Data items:
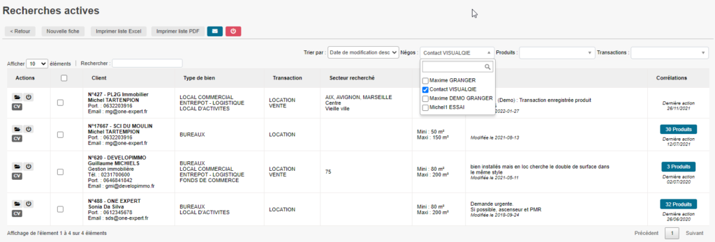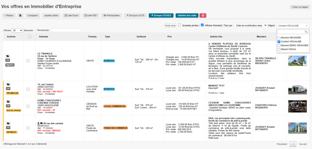 Sélectionnez le négociateur que vous voulez puis s’affichera toutes les offres rattachées à celui-ci.
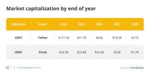 Em 2024, a capitalização de mercado do USDC aumentou de US$24,4 bilhões no início do ano para US$43,9 bilhões no final, representando um crescimento surpreendente de 79%.
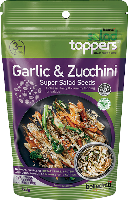 Dry roasted & garlic infused sunflower & sesame seeds, zucchini, onions, chia seeds, garlic & parsley flakes. A good source of magnesium and copper (to stay strong), with selenium (a proven enemy of cancer) and loaded with antioxidants
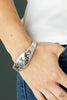 A collection of pearly silver beads and ornate silver beads are threaded along an elastic band around the wrist for a refined fashion. Sold as one individual bracelet.
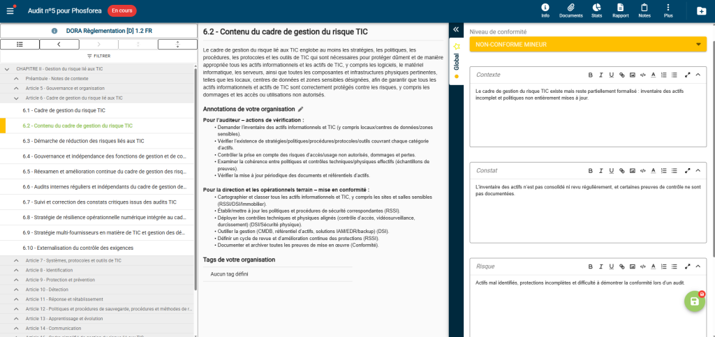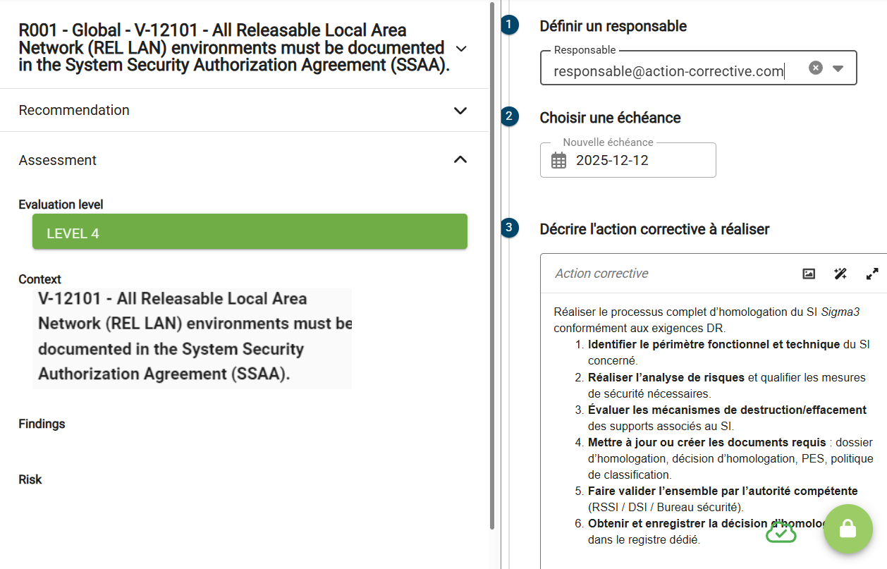 Constats, écarts, recommandations et plan d’action générés en un clic, prêts pour la direction ou le donneur d'ordre.
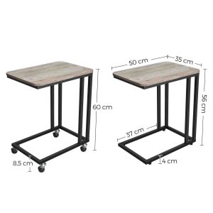 Con un marco de acero robusto y tablero de aglomerado de alta calidad, esta mesa móvil no solo destaca por su apariencia sino también por su notable durabilidad y capacidad de carga de hasta 25 kg. Perfecta para combinar con cualquier decoración interior, es la pieza que falta en tu hogar moderno.

Problem to solve
An exact transcription is needed, covering the line with "Dry roasted &" and every line after it to the end of the entries, but not the pictures.

Output below
 Dry roasted & garlic infused sunflower & sesame seeds, zucchini, onions, chia seeds, garlic & parsley flakes. A good source of magnesium and copper (to stay strong), with selenium (a proven enemy of cancer) and loaded with antioxidants
 A collection of pearly silver beads and ornate silver beads are threaded along an elastic band around the wrist for a refined fashion. Sold as one individual bracelet.
 Constats, écarts, recommandations et plan d’action générés en un clic, prêts pour la direction ou le donneur d'ordre.
 Con un marco de acero robusto y tablero de aglomerado de alta calidad, esta mesa móvil no solo destaca por su apariencia sino también por su notable durabilidad y capacidad de carga de hasta 25 kg. Perfecta para combinar con cualquier decoración interior, es la pieza que falta en tu hogar moderno.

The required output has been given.